If we get down to the basics I think anything that is a medium of exchange is a currency. So in some circles cigarettes and Tide work as currency. Though these "currencies" are not legal tender.
Money is a store of value, a medium of exchange, and a unit of account.
A store of value is something you could accept in payment for work and hold on to.
A medium of exchange is something a shoemaker can use to obtain bread from a baker who doesn't want shoes.
A unit of account is something with a value stable enough that you can measure the value of arbitrary goods with it; like the Bloomberg article says, it's what enables a cheesemaker to put a price tag on cheese without forcing her to become a currency speculator.
Bitcoins slipped into speculative realm a couple of weeks ago and probably after the crash the speculators will exit the market. A stable bitcoin can easily serve the three functions you listed above. As I said in my first comment this volatility raises questions about longvity of bitcoins but they have not ceased to be real money, at least for now.
It is just a 3-4 year old technology lets wait and watch how this plays out before writing it off completely.
I dont know if bitcoins will ever stabilize or go down to zero but I also believe that no one can be so sure about how a free market is going to behave to just write it off at this moment.

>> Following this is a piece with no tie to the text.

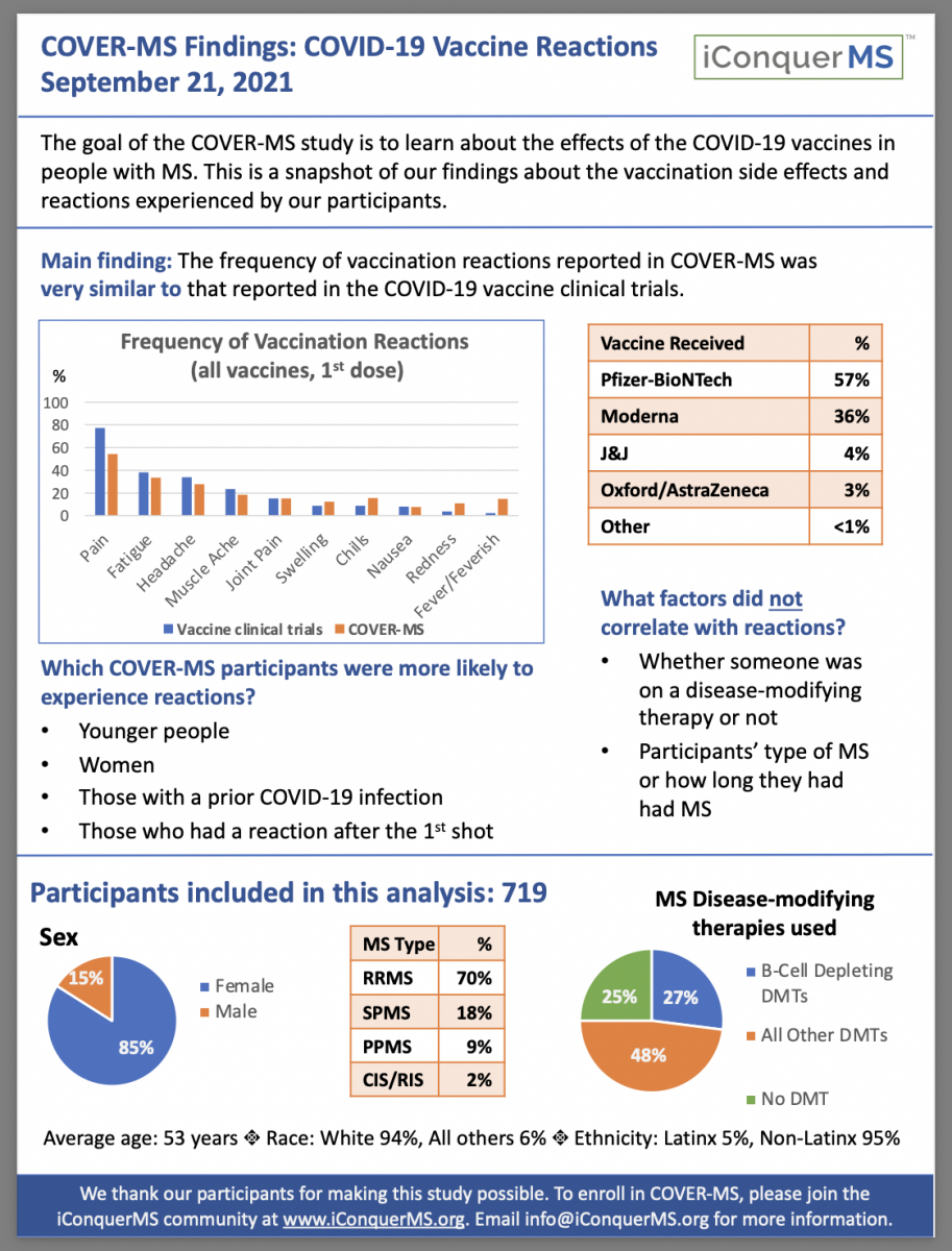 The results of the study have been published in a variety of formats (see below) to help inform education and treatment approaches, policies around access and health care delivery, and development of new research questions. iConquerMS has also used the results of these surveys when designing the COVER-MS study, our study of COVID-19 vaccinations in people with MS.

The words "free market" are not a talisman that dispels common sense. Currencies are fundamentally backed by trust. Trust in the US Dollar is based on the status quo (the Nash equilibria of our adoption of the currency, &c), the degree to which our interests are aligned with those of the government (not 100%, not 0%) and the basic economics of taxation that is dollar denominated, a gigantic federal payroll that is dollar denominated, and the fact that the federal government --- the world's largest buyer of everything --- conducts all its business in dollars.
Bitcoin has none of this; it appears to substitute the moral equivalent of a Yahoo stock message board.